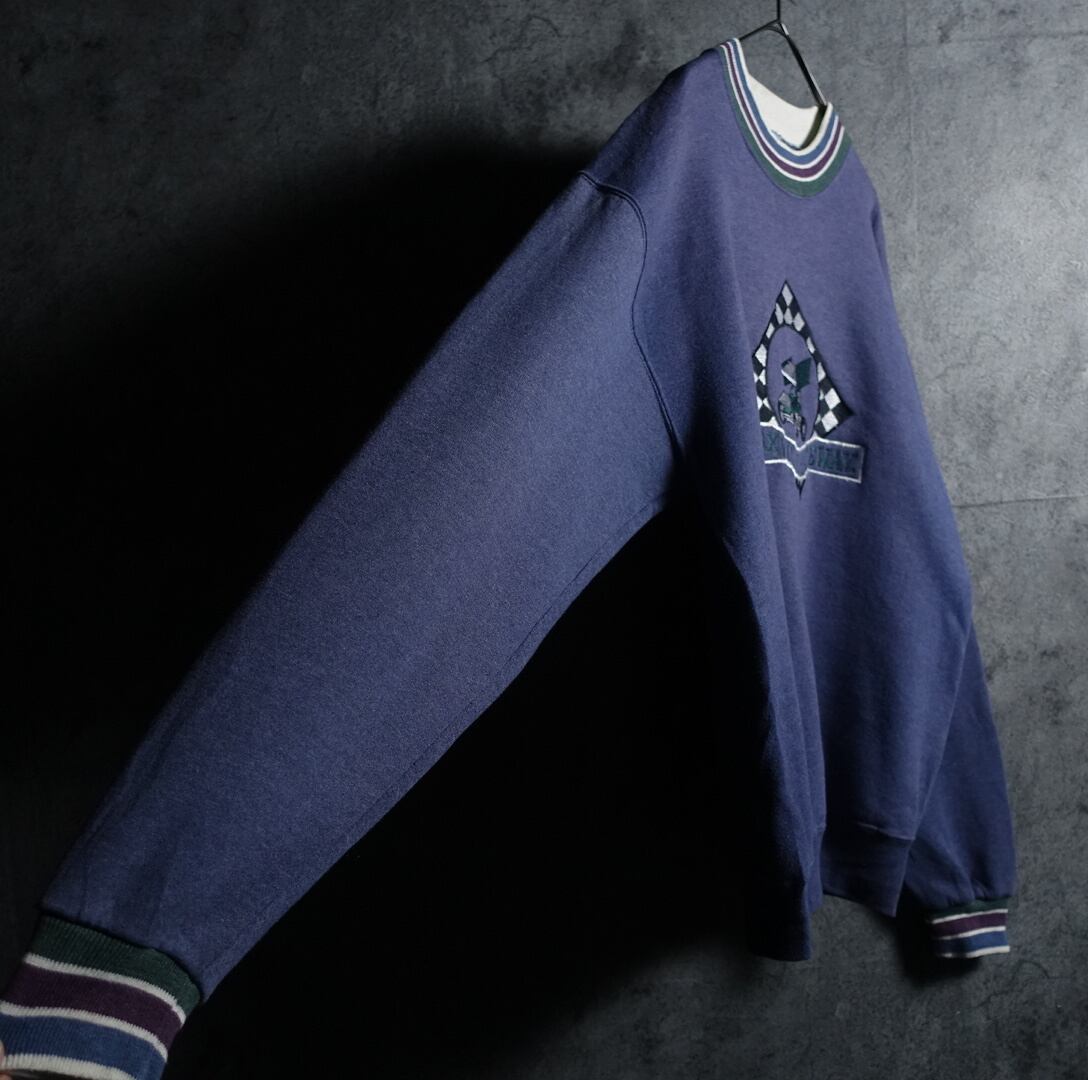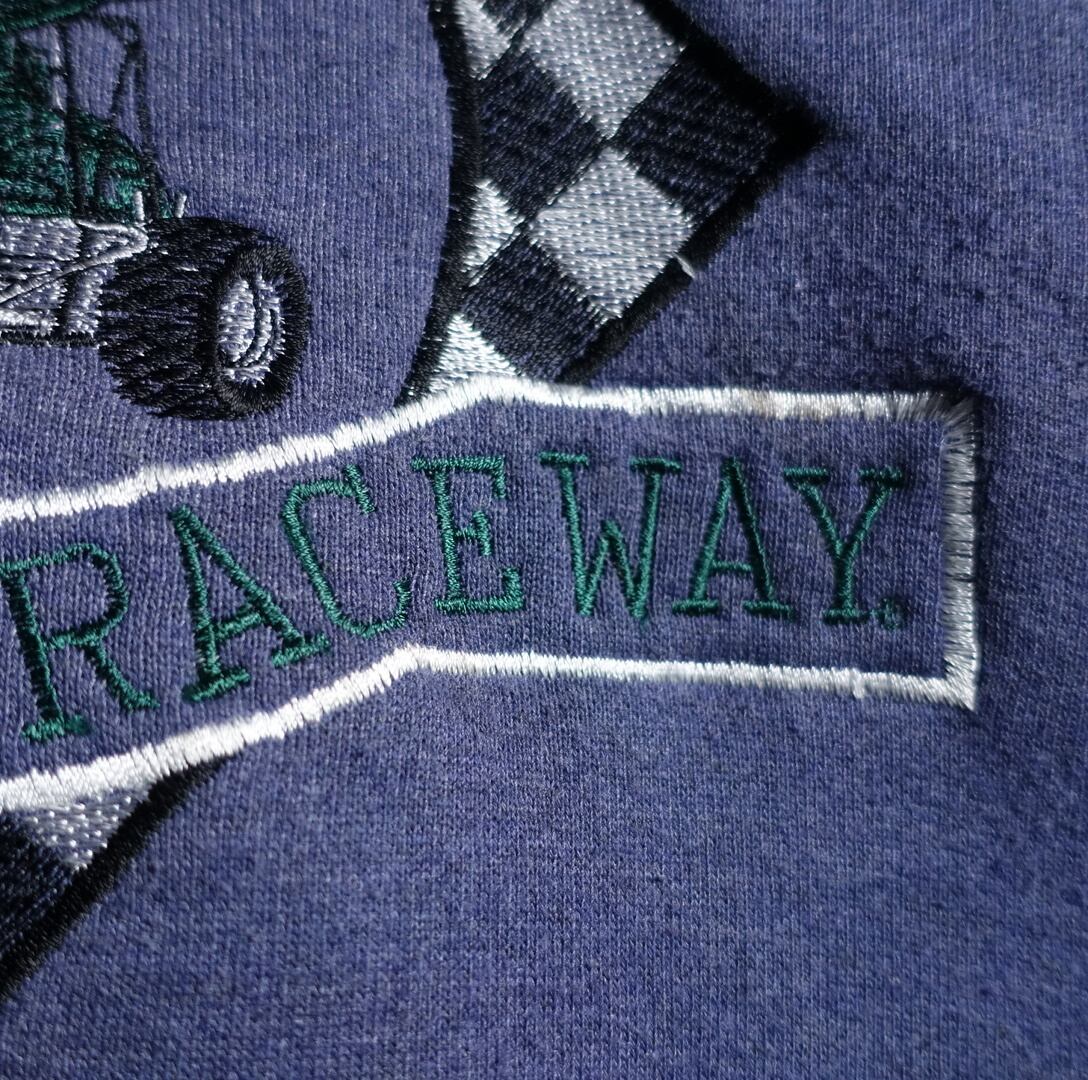 90s “JERZEES” Blue Car Motif Embroidery Design Sweat
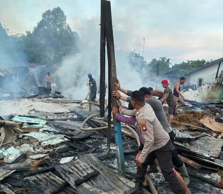 Dikatakan Kapolsek, meskipun api telah dipadamkan, puing-puing bangunan yang hangus menjadi saksi bisu dahsyatnya kebakaran ini.
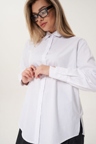 Элегантная блузка прямого силуэта, выполнена из шелковистой эластичной плательной ткани. Перед и спинка блузки целые, по переду две нагрудные вытачки. Круглый вырез горловины переда и горловина спинки обработаны обтачками. По горловине спинки небольшой щелевидный разрез с застежкой на воздушную петлю и пуговицу. Особую элегантность блузке придает втачной длинный рукав с притачным манжетом по низу. Вертикальный разрез по всей длине передней части рукава и сборка по шву притачивания манжеты делают рукав свободным и удобным в носке. Манжеты с застежкой на петли и пуговицы. Длина рукава от плеча в 46 р-ре – 60 см. в 62 р-ре – 63 см., ширина рукава по низу в 46 р-ре 20 см. в 62 р-ре – 24 см. Блузка без подклада. Длина изделия по спинке в 46 р-ре – 63 см. в 62 р-ре – 72 см.
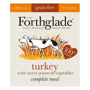 Forthglade Complete Turkey Sweet Potato & Veg Grain Free wet Dog Food. Naturally low in fat and tail-waggingly tasty our nutritionally balanced grain free turkey recipe is free from junk & fillers, easy to digest and contains everything your dog needs to thrive.
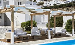 Οι εγκαταστάσεις υψηλής ποιότητας, σε συνδυασμό με την κυκλαδίτικη παράδοση και τη σύγχρονη αρχιτεκτονική, συνθέτουν ένα ξενοδοχείο σε απόλυτη αρμονία με το φυσικό του περιβάλλον. Όλα τα δωμάτια έχουν εντυπωσιακή θέα στους κήπους και την πισίνα του ξενοδοχείου. Το ξενοδοχείο διαθέτει πισίνα γλυκού νερού, ένα κεντρικό εστιατόριο για μπουφέ πρωινού, ξαπλώστρες όπου μπορείτε να απολαύσετε ένα ελαφρύ μενού σνακ, κοκτέιλ και ποτά.
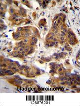 C4orf21 Antibody (N-term) (Cat. APR03546G)immunohistochemistry analysis in formalin fixed and paraffin embedded human bladder carcinoma followed by peroxidase conjugation of the secondary antibody and DAB staining.This data demonstrates the use of C4orf21 Antibody (N-term) for immunohistochemistry. Clinical relevance has not been evaluated. |
+ + + + +
▸ **Exercise instructions**
Although the records contain pictures, your copy should hold only the text, reproduced exactly.

▸ **Answer to the exercise**
 90s “JERZEES” Blue Car Motif Embroidery Design Sweat
 Dikatakan Kapolsek, meskipun api telah dipadamkan, puing-puing bangunan yang hangus menjadi saksi bisu dahsyatnya kebakaran ini.
 Элегантная блузка прямого силуэта, выполнена из шелковистой эластичной плательной ткани. Перед и спинка блузки целые, по переду две нагрудные вытачки. Круглый вырез горловины переда и горловина спинки обработаны обтачками. По горловине спинки небольшой щелевидный разрез с застежкой на воздушную петлю и пуговицу. Особую элегантность блузке придает втачной длинный рукав с притачным манжетом по низу. Вертикальный разрез по всей длине передней части рукава и сборка по шву притачивания манжеты делают рукав свободным и удобным в носке. Манжеты с застежкой на петли и пуговицы. Длина рукава от плеча в 46 р-ре – 60 см. в 62 р-ре – 63 см., ширина рукава по низу в 46 р-ре 20 см. в 62 р-ре – 24 см. Блузка без подклада. Длина изделия по спинке в 46 р-ре – 63 см. в 62 р-ре – 72 см.
 Forthglade Complete Turkey Sweet Potato & Veg Grain Free wet Dog Food. Naturally low in fat and tail-waggingly tasty our nutritionally balanced grain free turkey recipe is free from junk & fillers, easy to digest and contains everything your dog needs to thrive.
 Οι εγκαταστάσεις υψηλής ποιότητας, σε συνδυασμό με την κυκλαδίτικη παράδοση και τη σύγχρονη αρχιτεκτονική, συνθέτουν ένα ξενοδοχείο σε απόλυτη αρμονία με το φυσικό του περιβάλλον. Όλα τα δωμάτια έχουν εντυπωσιακή θέα στους κήπους και την πισίνα του ξενοδοχείου. Το ξενοδοχείο διαθέτει πισίνα γλυκού νερού, ένα κεντρικό εστιατόριο για μπουφέ πρωινού, ξαπλώστρες όπου μπορείτε να απολαύσετε ένα ελαφρύ μενού σνακ, κοκτέιλ και ποτά.
 C4orf21 Antibody (N-term) (Cat. APR03546G)immunohistochemistry analysis in formalin fixed and paraffin embedded human bladder carcinoma followed by peroxidase conjugation of the secondary antibody and DAB staining.This data demonstrates the use of C4orf21 Antibody (N-term) for immunohistochemistry. Clinical relevance has not been evaluated. |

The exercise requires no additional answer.